Every line holding "Rosales" should be copied from the records below.

Start of RECORDS TO PROCESS

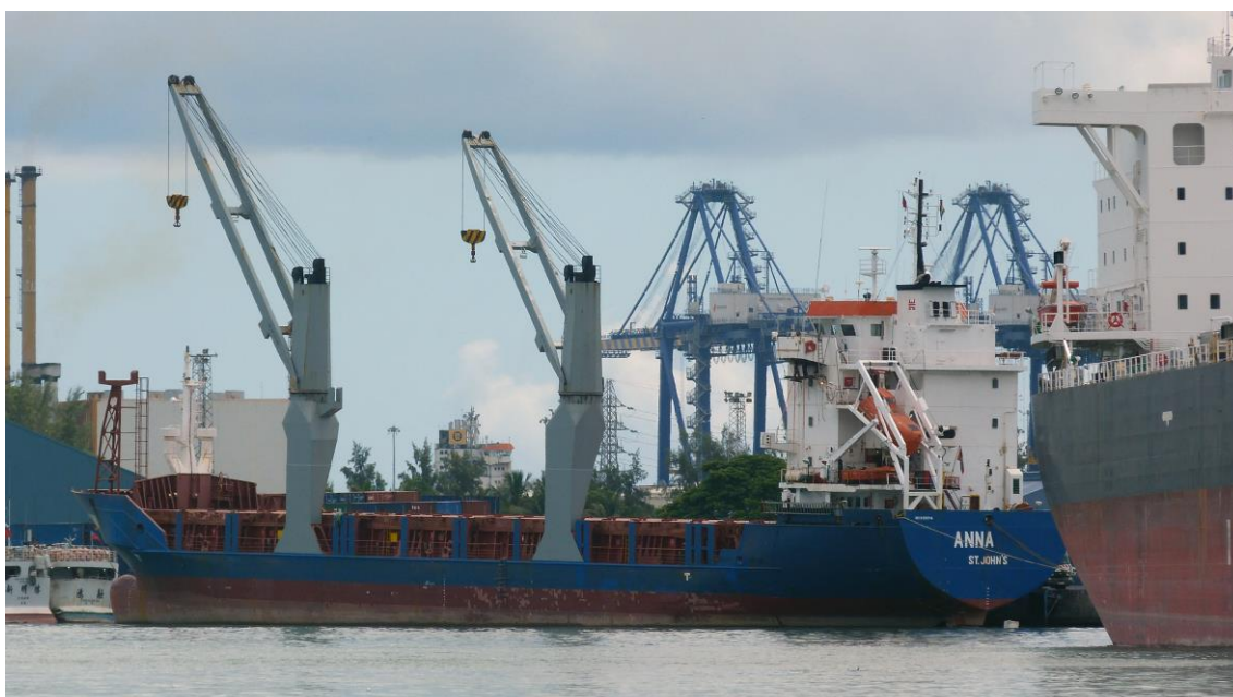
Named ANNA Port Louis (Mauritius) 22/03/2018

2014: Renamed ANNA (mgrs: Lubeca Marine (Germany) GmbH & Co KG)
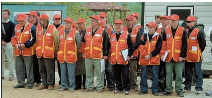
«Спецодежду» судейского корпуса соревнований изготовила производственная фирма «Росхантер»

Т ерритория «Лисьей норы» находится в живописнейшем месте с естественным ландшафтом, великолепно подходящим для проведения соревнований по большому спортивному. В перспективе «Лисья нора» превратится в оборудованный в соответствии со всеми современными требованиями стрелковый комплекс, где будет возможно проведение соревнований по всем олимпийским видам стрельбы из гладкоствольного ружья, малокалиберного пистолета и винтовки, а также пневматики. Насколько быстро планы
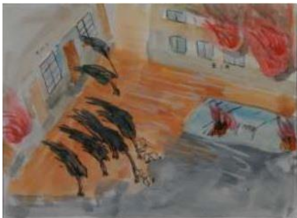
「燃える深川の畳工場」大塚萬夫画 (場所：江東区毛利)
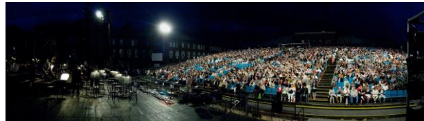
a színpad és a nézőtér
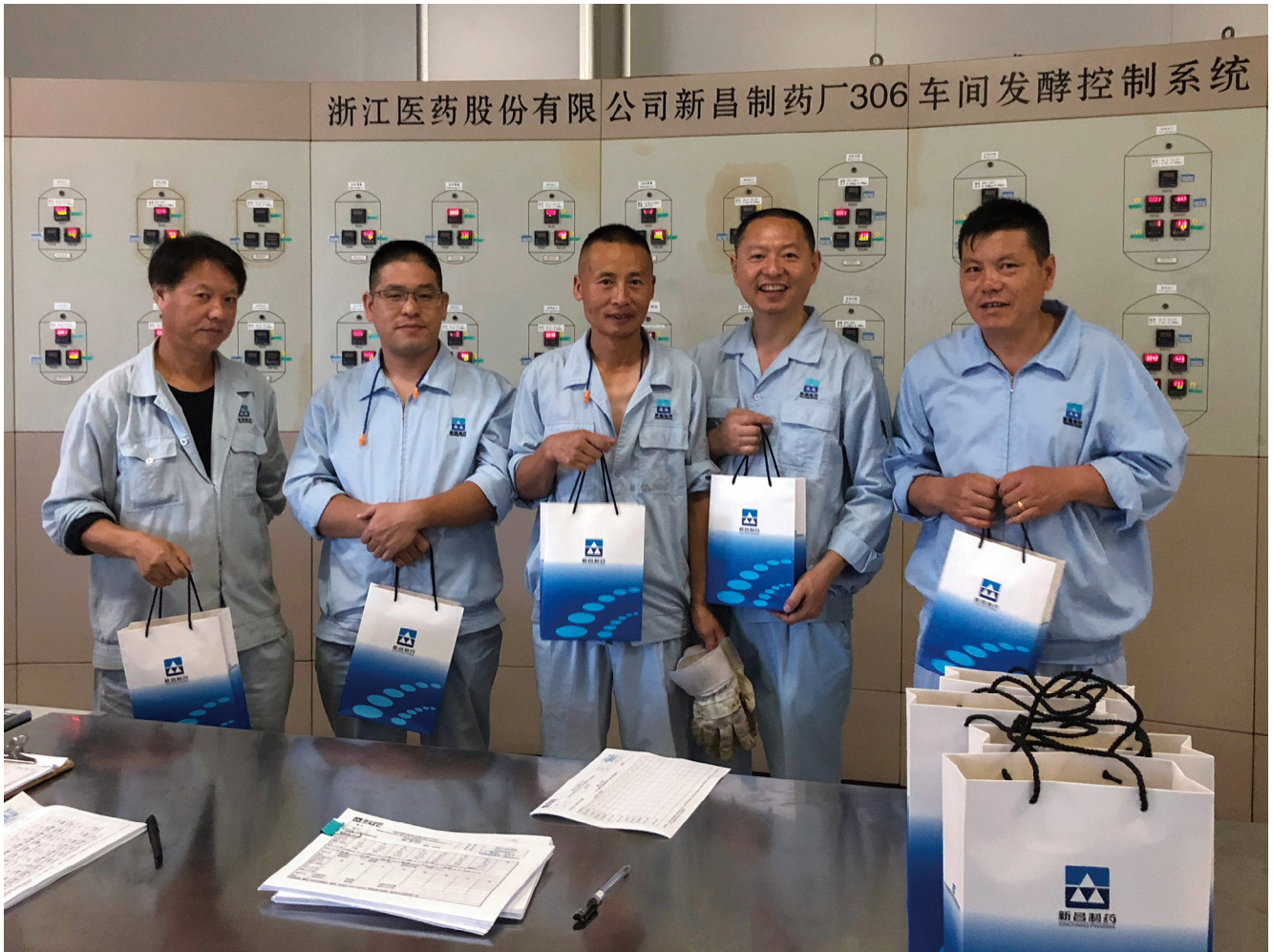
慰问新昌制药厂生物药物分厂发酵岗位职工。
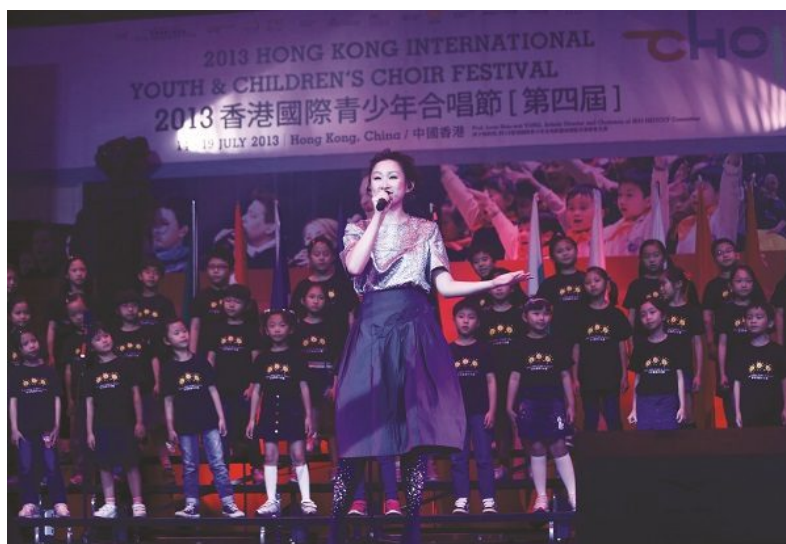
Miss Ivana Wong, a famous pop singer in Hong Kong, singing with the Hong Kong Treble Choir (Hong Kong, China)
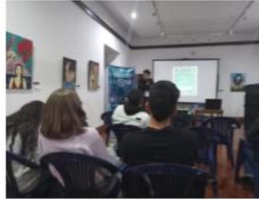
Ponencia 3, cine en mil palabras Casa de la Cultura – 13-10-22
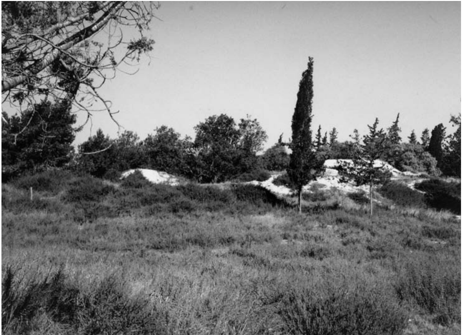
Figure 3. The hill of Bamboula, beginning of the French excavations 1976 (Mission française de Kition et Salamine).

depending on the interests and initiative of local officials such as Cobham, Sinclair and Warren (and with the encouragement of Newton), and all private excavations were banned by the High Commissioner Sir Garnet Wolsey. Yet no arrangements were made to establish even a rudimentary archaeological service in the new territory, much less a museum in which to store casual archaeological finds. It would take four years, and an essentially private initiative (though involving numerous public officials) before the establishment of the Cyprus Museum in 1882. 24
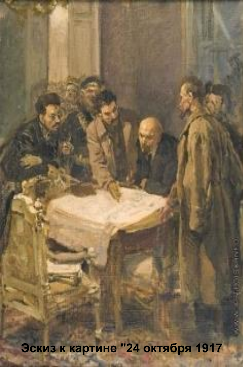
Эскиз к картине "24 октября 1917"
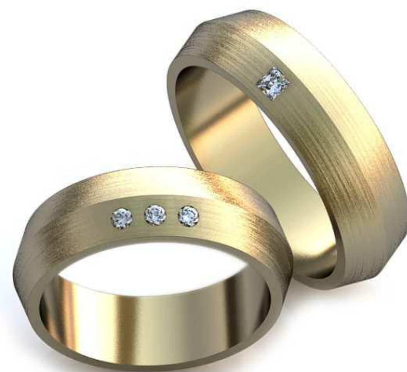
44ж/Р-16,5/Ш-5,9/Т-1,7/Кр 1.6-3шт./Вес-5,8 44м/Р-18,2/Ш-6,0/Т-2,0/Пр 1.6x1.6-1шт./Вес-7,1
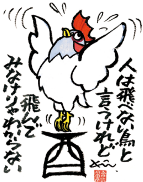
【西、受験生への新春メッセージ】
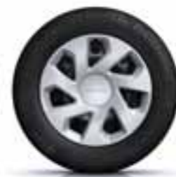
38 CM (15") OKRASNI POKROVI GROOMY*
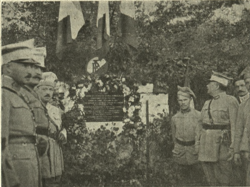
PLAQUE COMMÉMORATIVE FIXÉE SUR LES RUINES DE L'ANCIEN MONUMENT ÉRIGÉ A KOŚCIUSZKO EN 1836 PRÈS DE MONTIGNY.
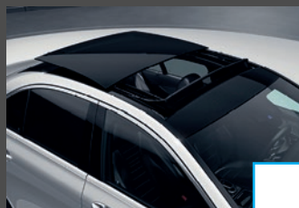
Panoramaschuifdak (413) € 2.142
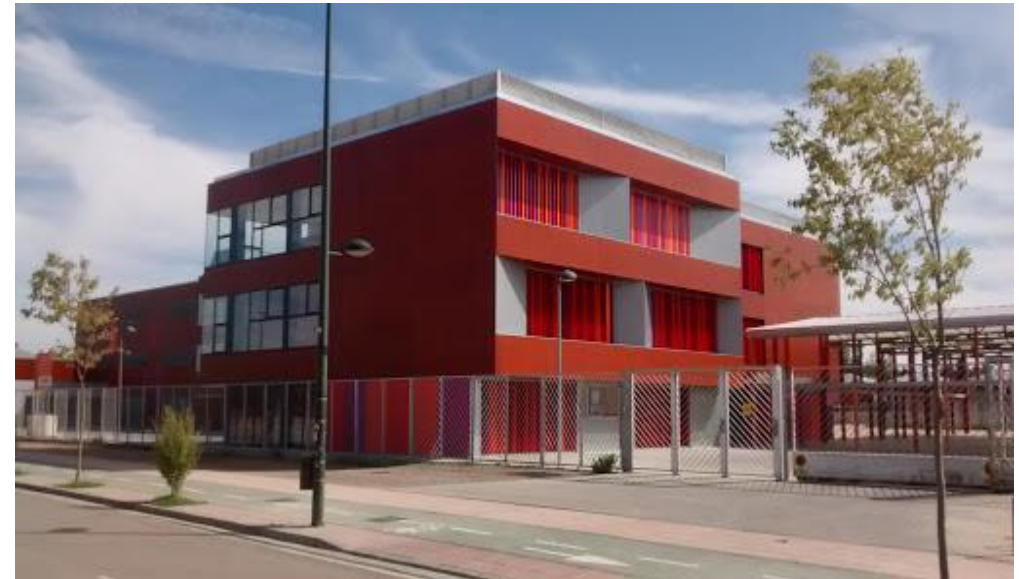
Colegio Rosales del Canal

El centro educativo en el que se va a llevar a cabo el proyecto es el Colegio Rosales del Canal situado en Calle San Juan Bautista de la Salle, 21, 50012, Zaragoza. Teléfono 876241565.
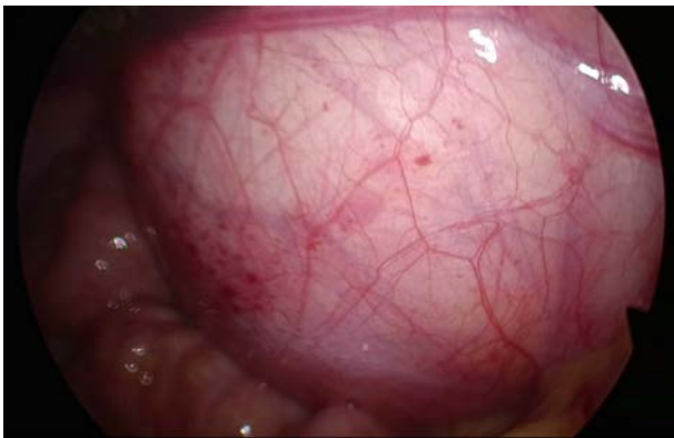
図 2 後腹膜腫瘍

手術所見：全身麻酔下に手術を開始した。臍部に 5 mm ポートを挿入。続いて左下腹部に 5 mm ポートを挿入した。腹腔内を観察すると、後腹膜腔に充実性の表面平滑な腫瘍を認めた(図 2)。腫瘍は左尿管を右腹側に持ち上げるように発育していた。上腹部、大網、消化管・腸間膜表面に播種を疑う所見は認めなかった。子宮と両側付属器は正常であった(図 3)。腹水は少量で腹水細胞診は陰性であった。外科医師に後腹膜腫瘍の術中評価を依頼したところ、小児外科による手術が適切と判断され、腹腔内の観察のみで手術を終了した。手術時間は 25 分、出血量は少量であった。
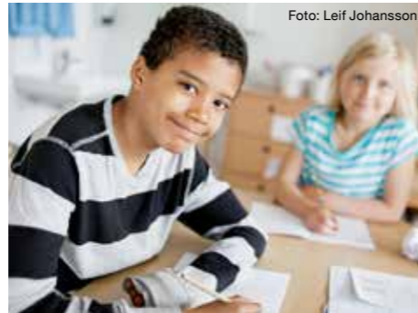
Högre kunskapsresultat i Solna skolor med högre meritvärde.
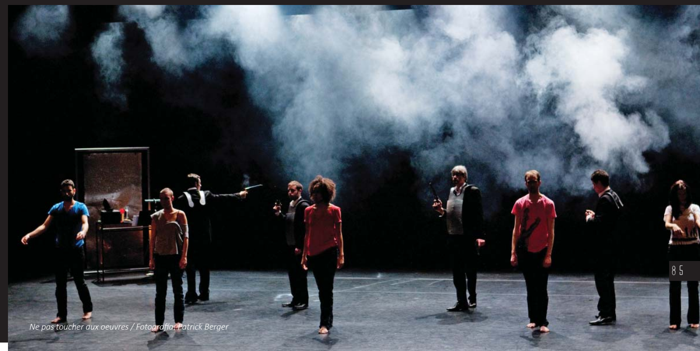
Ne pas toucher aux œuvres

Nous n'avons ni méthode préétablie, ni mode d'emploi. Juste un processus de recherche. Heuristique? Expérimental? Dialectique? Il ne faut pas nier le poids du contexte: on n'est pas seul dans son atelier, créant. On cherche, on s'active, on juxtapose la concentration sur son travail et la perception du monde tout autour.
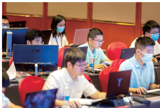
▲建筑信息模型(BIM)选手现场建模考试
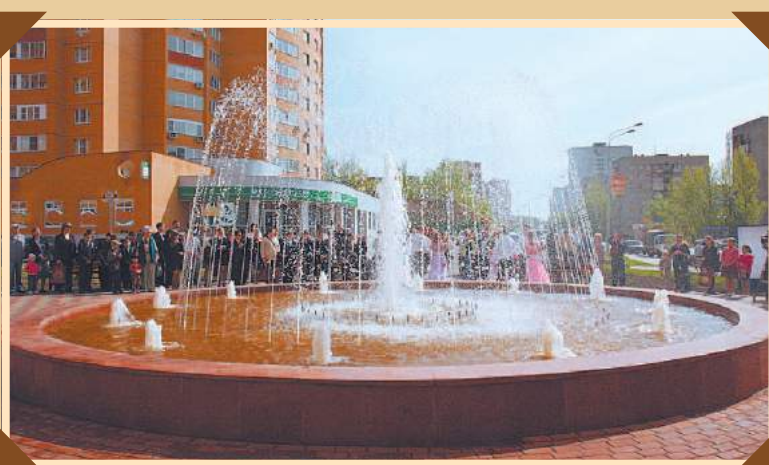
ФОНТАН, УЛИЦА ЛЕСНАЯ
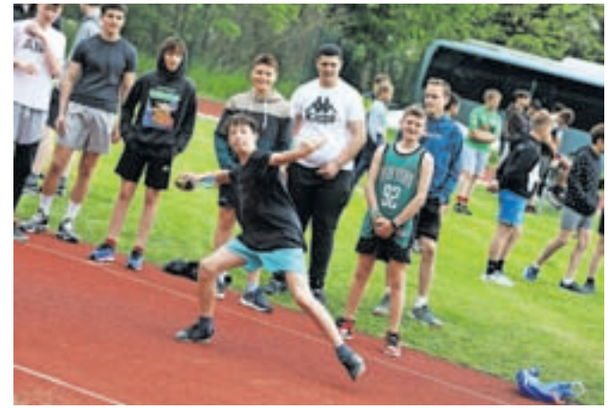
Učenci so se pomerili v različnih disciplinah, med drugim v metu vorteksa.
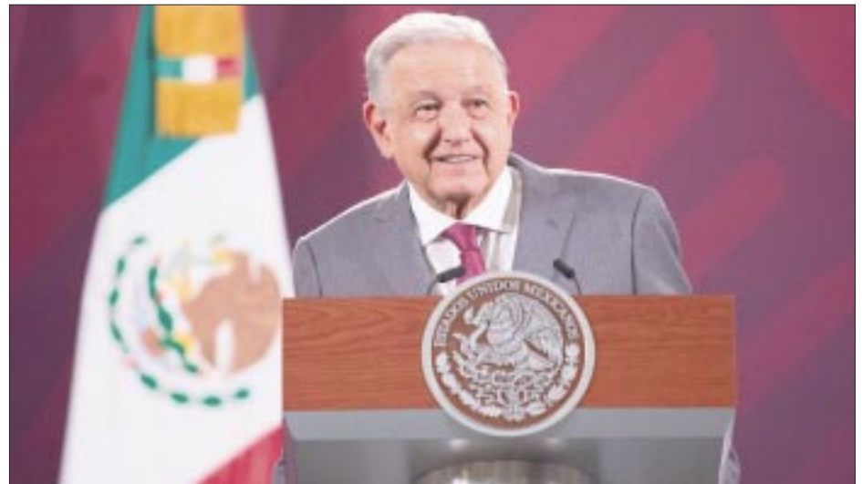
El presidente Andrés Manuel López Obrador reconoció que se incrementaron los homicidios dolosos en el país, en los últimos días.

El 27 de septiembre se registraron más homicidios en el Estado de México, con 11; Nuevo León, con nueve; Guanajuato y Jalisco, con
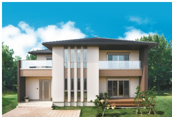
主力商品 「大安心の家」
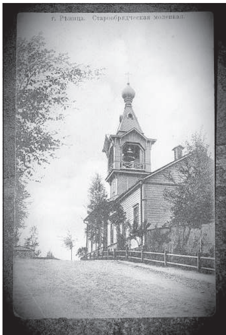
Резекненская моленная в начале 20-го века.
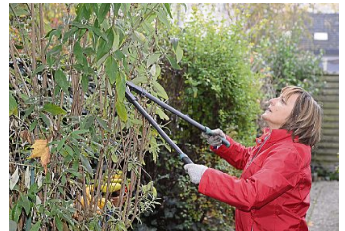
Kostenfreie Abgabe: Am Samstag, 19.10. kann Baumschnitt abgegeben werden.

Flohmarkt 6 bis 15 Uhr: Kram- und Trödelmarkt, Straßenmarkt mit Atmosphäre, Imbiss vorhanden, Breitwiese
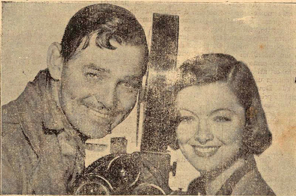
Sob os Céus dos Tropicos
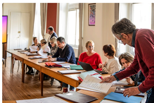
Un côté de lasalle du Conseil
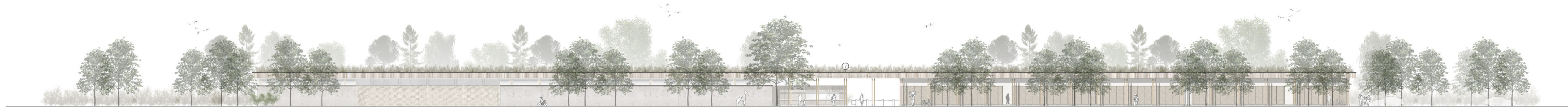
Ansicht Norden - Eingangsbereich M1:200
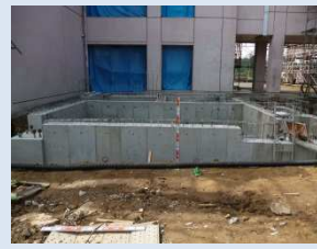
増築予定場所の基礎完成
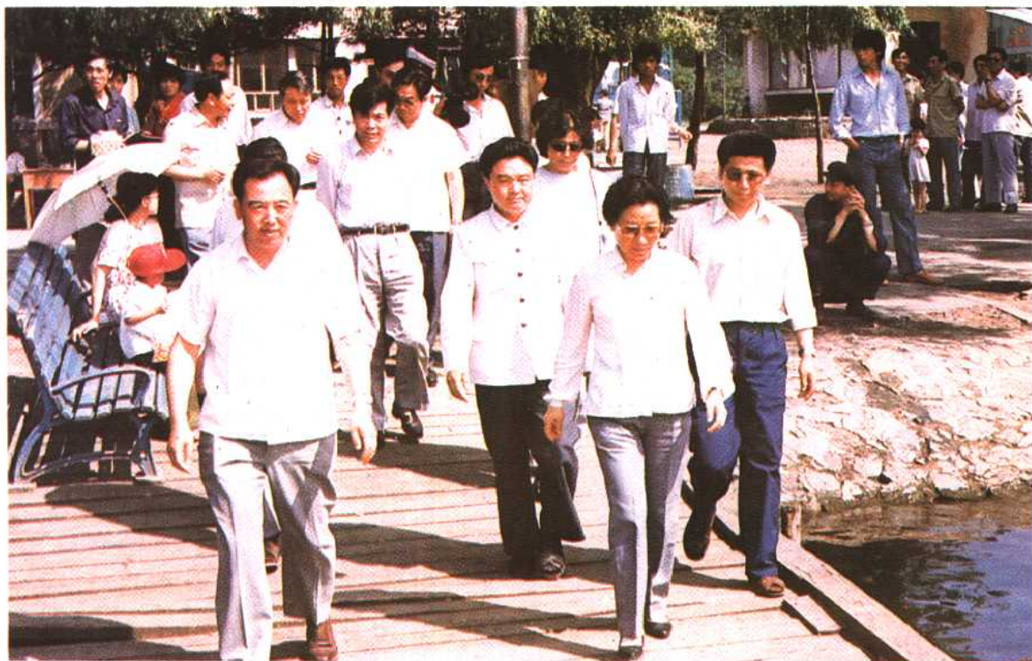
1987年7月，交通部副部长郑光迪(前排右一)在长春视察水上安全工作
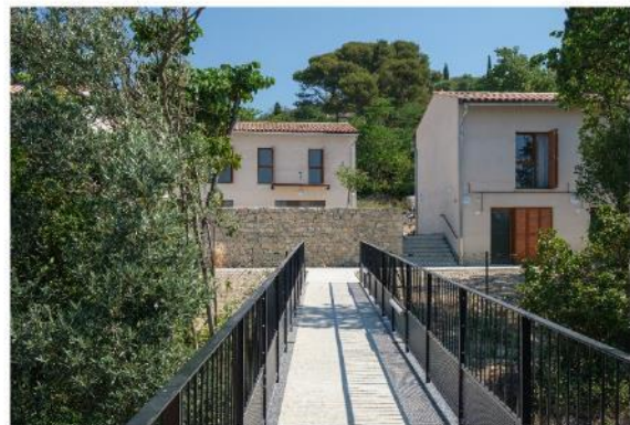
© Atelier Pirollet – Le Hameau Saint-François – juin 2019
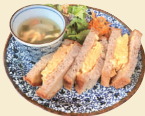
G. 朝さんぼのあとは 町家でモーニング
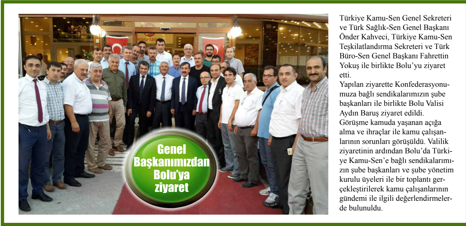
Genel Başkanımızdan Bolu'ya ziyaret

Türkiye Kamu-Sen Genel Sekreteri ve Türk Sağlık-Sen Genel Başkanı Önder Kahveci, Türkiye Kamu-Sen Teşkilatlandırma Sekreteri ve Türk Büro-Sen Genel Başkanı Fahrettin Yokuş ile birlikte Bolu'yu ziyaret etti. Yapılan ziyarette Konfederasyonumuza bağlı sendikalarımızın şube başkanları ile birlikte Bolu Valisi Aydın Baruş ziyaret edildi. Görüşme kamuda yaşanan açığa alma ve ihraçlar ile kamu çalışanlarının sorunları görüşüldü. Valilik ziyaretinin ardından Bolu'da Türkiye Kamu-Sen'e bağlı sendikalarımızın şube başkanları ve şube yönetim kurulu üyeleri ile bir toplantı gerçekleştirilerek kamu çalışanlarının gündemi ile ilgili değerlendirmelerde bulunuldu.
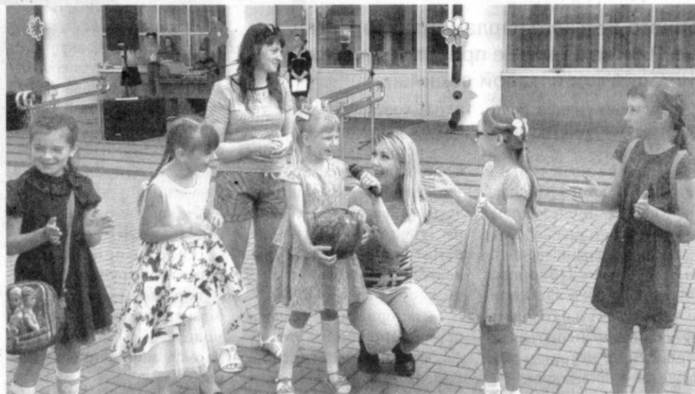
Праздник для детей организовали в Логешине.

End of RECORDS TO PROCESS

**EXERCISE RESULT**:
Colegio Rosales del Canal
El centro educativo en el que se va a llevar a cabo el proyecto es el Colegio Rosales del Canal situado en Calle San Juan Bautista de la Salle, 21, 50012, Zaragoza. Teléfono 876241565.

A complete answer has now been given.